The dermal matrix strategy, pioneered by Jack Burke, sought to redress some of these issues. In producing a ‘scaffold’ to allow autologous tissue in-growth and establish a ‘neo-dermis’ (‘active’ temporisation), he improved the outcome of the thin, meshed skin graft. A completely synthetic, biodegradable polymer version has also been developed (Figures 46.9 and 46.10).
However, the material Burke (and Ioannis Yannas) produced (Integra Dermal Regeneration Template, Integra Lifesciences, Plainsboro, NJ, USA), which is a cross-linked bovine type I collagen scaffold supported by shark fin chondroitin-6-sulphate glycosaminoglycan, is physiologically closed with a bonded pseudo-epidermis of silicone and the length of the processing time to manufacture the material renders it expensive. The expense of the product and issues arising from placing non-vascularised biological material on the surface of a wound in an immunocompromised patient, and expecting neovascularisation to occur before infection, has resulted in its varying usability – some surgeons have had success and others not. Because of the cost, those surgeons who can make it work tend to limit its use to the biggest burns, and then only use it as a ‘patch-up’ to cover the wounds that remain following the primary grafting procedure. In this situation, the material is being used to temporise because it physiologically closes the wound, reducing inflammation/proliferation and contraction. Since its integration improves the wound bed for subsequent closure, we can consider it to be an ‘active’ temporiser. The long-term in vivo histology of these materials demonstrates that the exogenous collagen is absorbed and replaced by autologous collagen. The exogenous collagen thus provides a ‘scaffold’ for fibroblast ingress and neovascular growth, analogous to the scaffolding used by builders, i.e. it is removed once the ‘job’ is complete.

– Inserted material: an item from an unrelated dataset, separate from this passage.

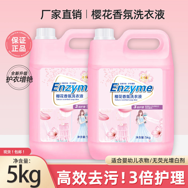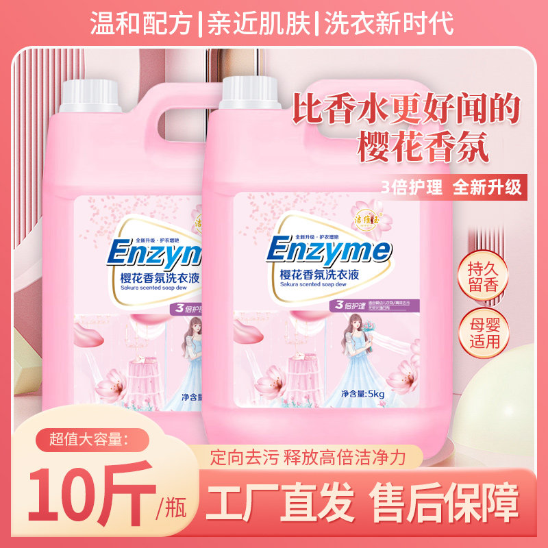 新品樱花香氛洗衣液10斤留香味持久去污渍母婴整箱批家用实惠大桶
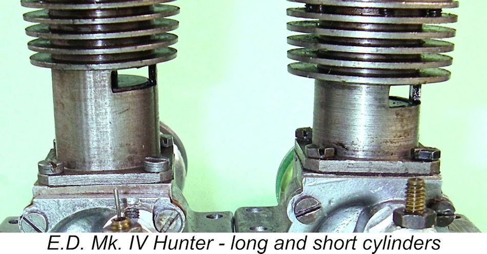 The cam-turning of the lower cylinder to accommodate the internal bypass flutes was omitted, presumably for cost reasons. This resulted in a substantial increase in the wall thickness of the lower cylinder. Both the crankcase and backplate casting were given a bead or vapour-blasted finish, although the front main bearing housing had a turned finish to match the prop-driver and spinner, which were unchanged at this stage. The finned cylinder head also continued in use at this time. The only other change was the use of a longer needle valve control arm. These changes must have been implemented at some point in 1954, since Kevin Richards reported owning engine number 4K 61 4 (October 1954) of this type. However, no evidence of the revised design appeared in any of E.D.’s advertising. The only reference to these revisions that I can find in the contemporary modelling media was Peter Chinn’s comment which appeared in the April 1955 issue of “Model Aircraft” to the effect that the Hunter had then recently been “shortened” by the replacement of the unusually long conrod used prior to that point with the considerably shorter 2.46 cc E.D. Racer component. A few more changes were subsequently introduced along the way. Kevin Richards’ engine number 4M 64 4 (November 1954) displays a considerable reduction in the degree to which the crank-disc was counterbalanced. Kevin’s engine number 4C 160 5 (March 1955) features a revised needle valve assembly which was identical to that used in the contemporary E.D. Racer. As with the con-rod, commonalty of components was increasing – a logical cost control measure. A further change occurred at some later point in time when the finned cylinder head was replaced by a plain un-finned component. Kevin Richards believed that this change probably occurred in 1955 and survived for some years. Certainly, Kevin confirmed that engine number 4J 50 8 (September 1958) featured such a head, but exhibited no other changes. It’s my personal view that the successive changes described above were of themselves insufficient to constitute new variants of the engine. Rather, I’ve chosen to present them as sub-variants of the fourth major variant of the E.D. Mk. IV Hunter - the "short cylinder/long prop driver" version. The E.D. Mk. IV “Hunter” – Fifth E.D. 3.46 cc Variant

A second analogous principle can be derived from the builders – the workmen do not move ‘in’ scaffolding pipes and decking boards, but within the spaces in between. Once this principle is grasped – that it is the spaces within the scaffold that are important – the ‘temporary’ scaffolding itself becomes less important, and thus does not have to be of biological origin but can be made of any biodegradable material as long as it is biocompatible, bio-tolerated and demonstrably safe (not cytotoxic, carcinogenic or teratogenic). Growing environmental pollution has forced the development of biodegradable polymers and, at the start of this millennium, a completely synthetic, biodegradable polyurethane dermal matrix was designed and developed by Professor John Greenwood and team, in Adelaide, Australia, using biodegradable polymer developed in Melbourne, Australia; this is known as the NovoSorb Biodegradable Temporising Matrix (BTM; Polynovo).
During the development of this material, several unexpected outcomes were observed. The synthetic composition means that it is not prone to attack by microorganisms (it is not a ‘foodstuff’). Thus, infection is uncommon; if it does occur, it is localised and manageable without loss of the matrix.
Increasing burns use also demonstrated that loss of skin graft over the integrated BTM is rare and that the appearance of the autograft mesh pattern (even with widely meshed graft) is considerably better than autograft alone. This finding has also been observed with collagen-based matrices and has its basis in the principles of wound healing.
The dermal substitute is allowed to integrate into the burn wound, a process that can take 3–6 weeks. Once integrated the bed can be considered a ‘neo-dermis’ of ordered granulation tissue and a split-skin graft is placed.
The presence of a ‘neo-dermis’ provides a bed across which interstitial epithelialisation can occur without needing granulation tissue and so the cosmetic appearance is improved. In fact, the thinner the graft, the better the appearance and the less obvious the mesh pattern.